### WHAT THE TASK REQUIRES
Beginning at the line that mentions "Otra vez, si", retype the rest of the records below exactly. Pictures are not part of the copy.

[Start of Attachment]

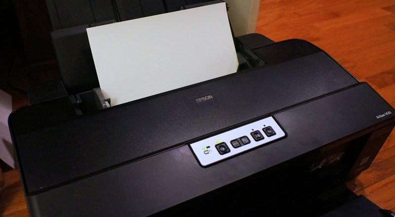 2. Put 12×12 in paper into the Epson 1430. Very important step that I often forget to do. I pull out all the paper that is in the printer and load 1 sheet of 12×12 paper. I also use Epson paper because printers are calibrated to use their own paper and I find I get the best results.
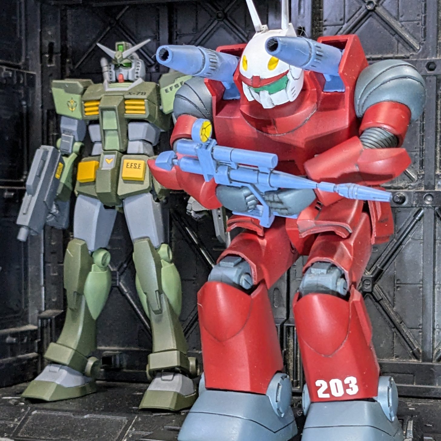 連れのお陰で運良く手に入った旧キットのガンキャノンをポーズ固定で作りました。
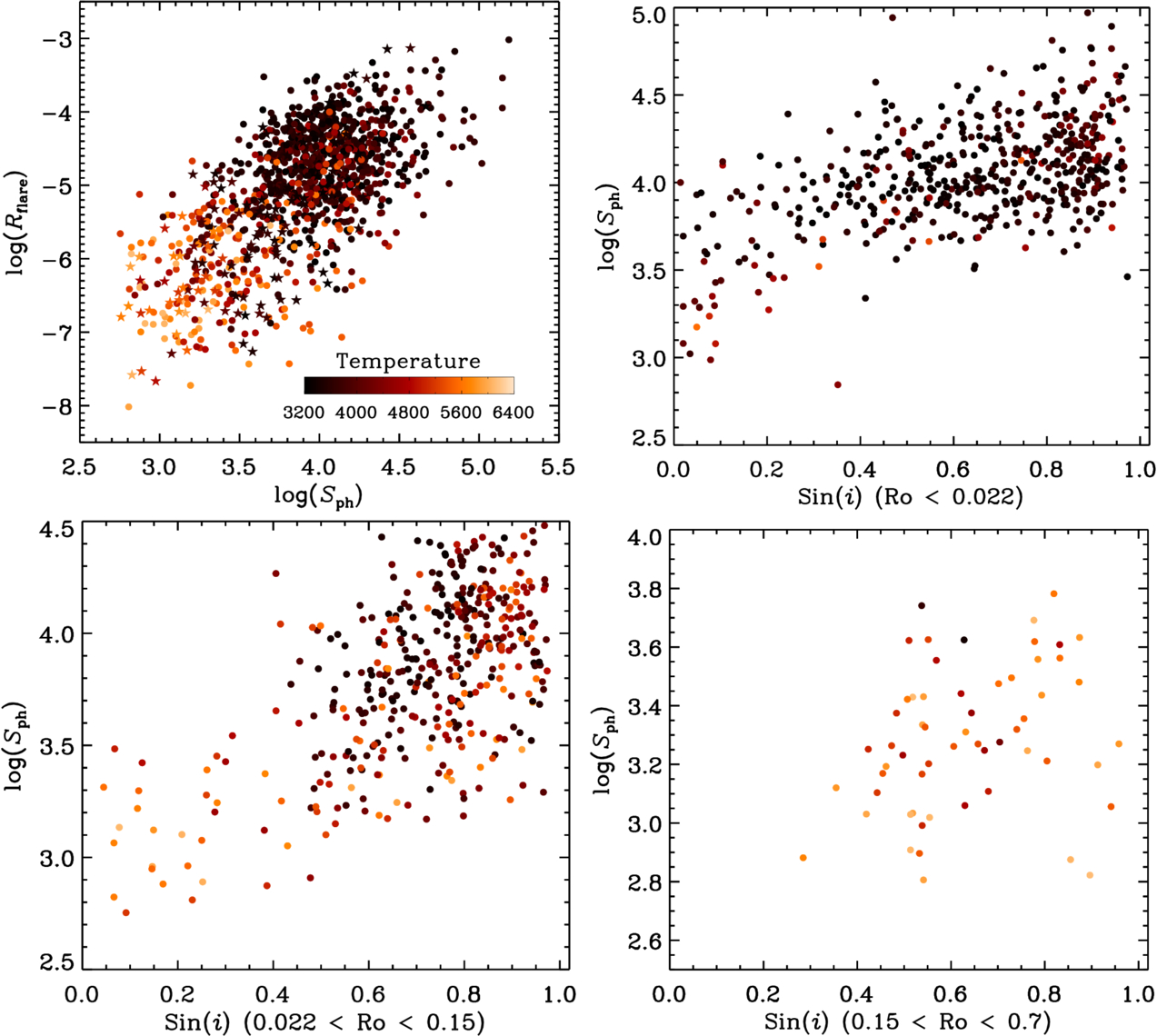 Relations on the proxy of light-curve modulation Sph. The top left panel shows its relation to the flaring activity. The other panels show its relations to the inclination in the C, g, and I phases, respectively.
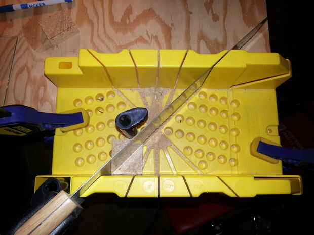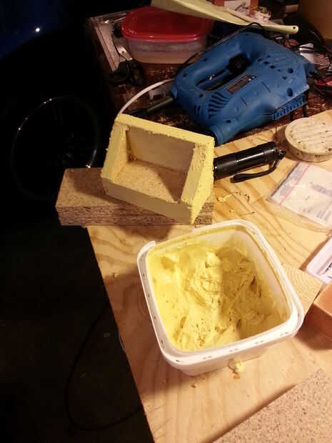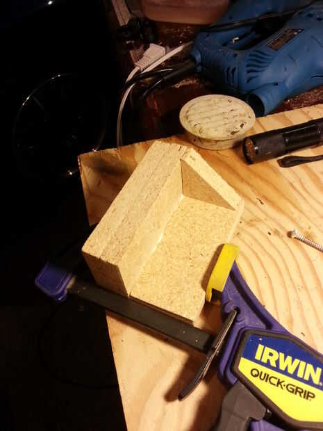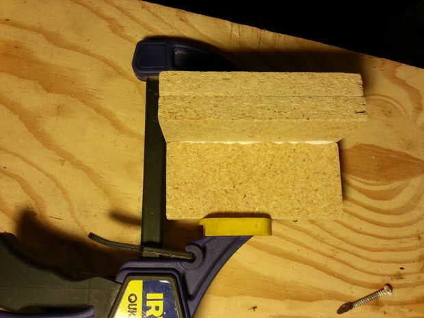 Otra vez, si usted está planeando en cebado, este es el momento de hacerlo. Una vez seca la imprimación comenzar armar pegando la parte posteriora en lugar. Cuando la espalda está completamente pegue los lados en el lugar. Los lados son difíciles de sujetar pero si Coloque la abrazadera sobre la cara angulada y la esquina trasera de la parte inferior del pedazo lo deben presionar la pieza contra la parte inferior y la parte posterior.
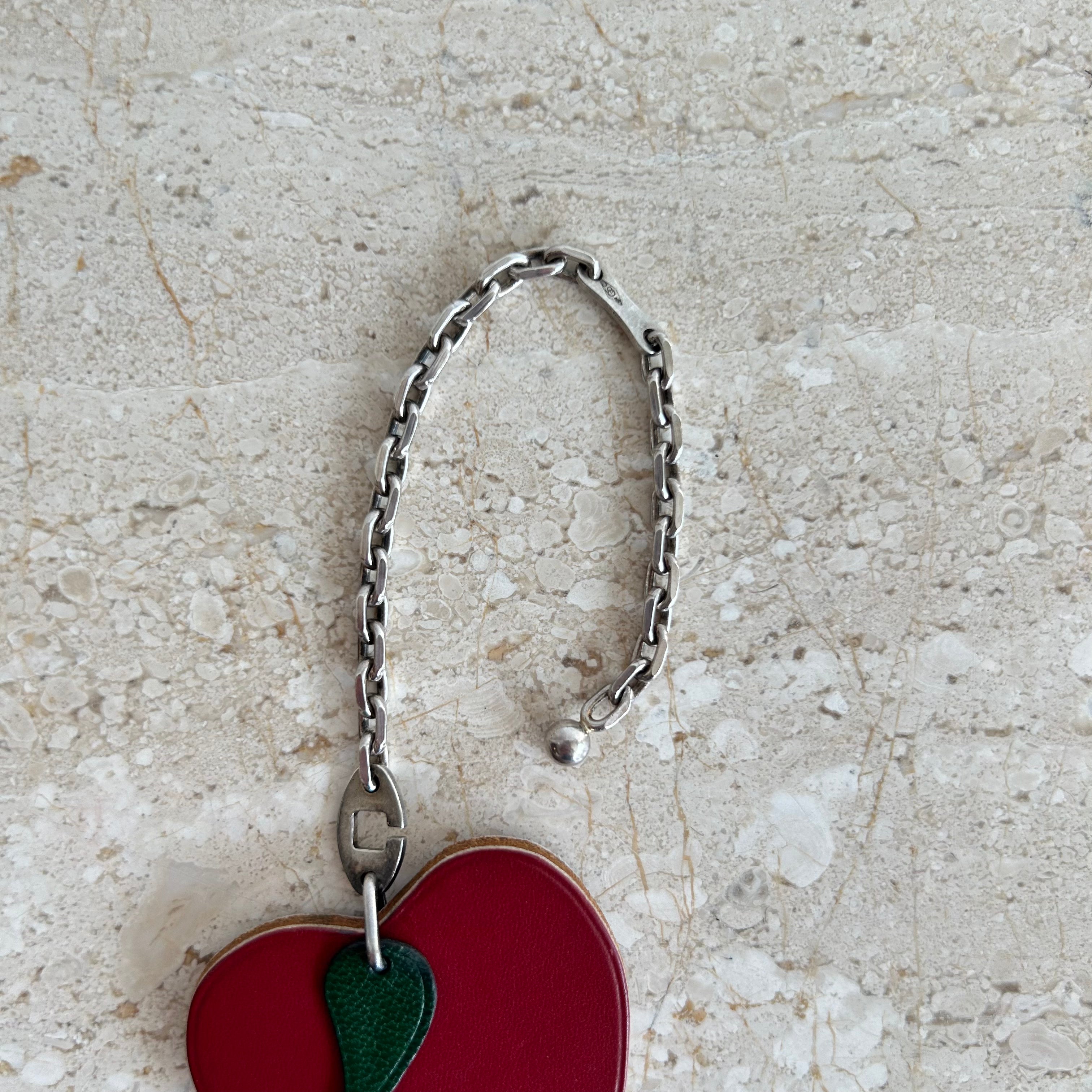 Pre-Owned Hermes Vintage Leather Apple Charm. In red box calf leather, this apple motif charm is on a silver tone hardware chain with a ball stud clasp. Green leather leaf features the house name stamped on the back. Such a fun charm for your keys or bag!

[End of Attachment]

### RESPONSE
 Otra vez, si usted está planeando en cebado, este es el momento de hacerlo. Una vez seca la imprimación comenzar armar pegando la parte posteriora en lugar. Cuando la espalda está completamente pegue los lados en el lugar. Los lados son difíciles de sujetar pero si Coloque la abrazadera sobre la cara angulada y la esquina trasera de la parte inferior del pedazo lo deben presionar la pieza contra la parte inferior y la parte posterior.
 Pre-Owned Hermes Vintage Leather Apple Charm. In red box calf leather, this apple motif charm is on a silver tone hardware chain with a ball stud clasp. Green leather leaf features the house name stamped on the back. Such a fun charm for your keys or bag!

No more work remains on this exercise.